Biological functions are ultimately carried out by a diversity of functional proteins in vivo. Therefore, we detected LEF1 and MM-9 protein levels in the aforementioned 38 tissues, including one GBM tissue which was damaged during antigen retrieval, by IHC. Both proteins were at high levels in high grade gliomas and at low levels in low grade gliomas or normal brain tissue (Fig. 4A). The degree of staining was graded by a previously described scoring system. The inverse relationship between miR-218 and LEF1 (P=0.021) or MMP-9 (P=0.015) was confirmed in these tissues by IHC and FISH (Fig. 4B). Additionally, immune fluorescence was performed using the highest expression cell lines of LEF1 protein, LN229. The signal intensity of LEF1 was markedly decreased when miR-218 was transfected into LN229 cells (Fig. 4C). As a result, the biological transport axis, miR-218-LEF1-MMP-9, was demonstrated in the invasive pathway.
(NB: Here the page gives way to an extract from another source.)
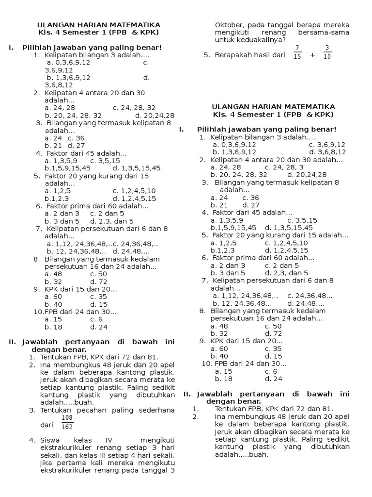 Kunci jawaban soal ulangan harian matematika kelas 4 sd bab 3 bangun 3 kpk dan fpb a. 8 dan 24 6. 12 dan 24 4. Contoh soal kpk dan fpb beserta kunci jawaban soal kpk dan fpb yang kami bagikan ini sangat sesuai dengan materi mtk yang dipelajari di mulai dari kelas 4 5 dan 6. Hal ini menyesuaikan dengan kurikulum yang digunakan. Jika anda sedang menggunakan kurikulum 2013 revisi maka materi kpk dan fpb ini dipelajari pada kelas 4 sd.

To further verify this axis, LEF1 siRNA was constructed to imitate the functions of miR-218. It was co-transfected into U87 cells with the miR-218 inhibitor. As expected, the upregulation of MMP-9 protein due to knockdown of miR-218 was significantly reduced by the specific LEF1 siRNA (Fig. 5A). This result was corroborated using the transwell invasion assay. The enhanced invasive ability of miR-218 inhibitor-transfected U87 cells declined ~4-fold when LEF1 siRNA was co-transfected with miR-218 inhibitor (Fig. 5B).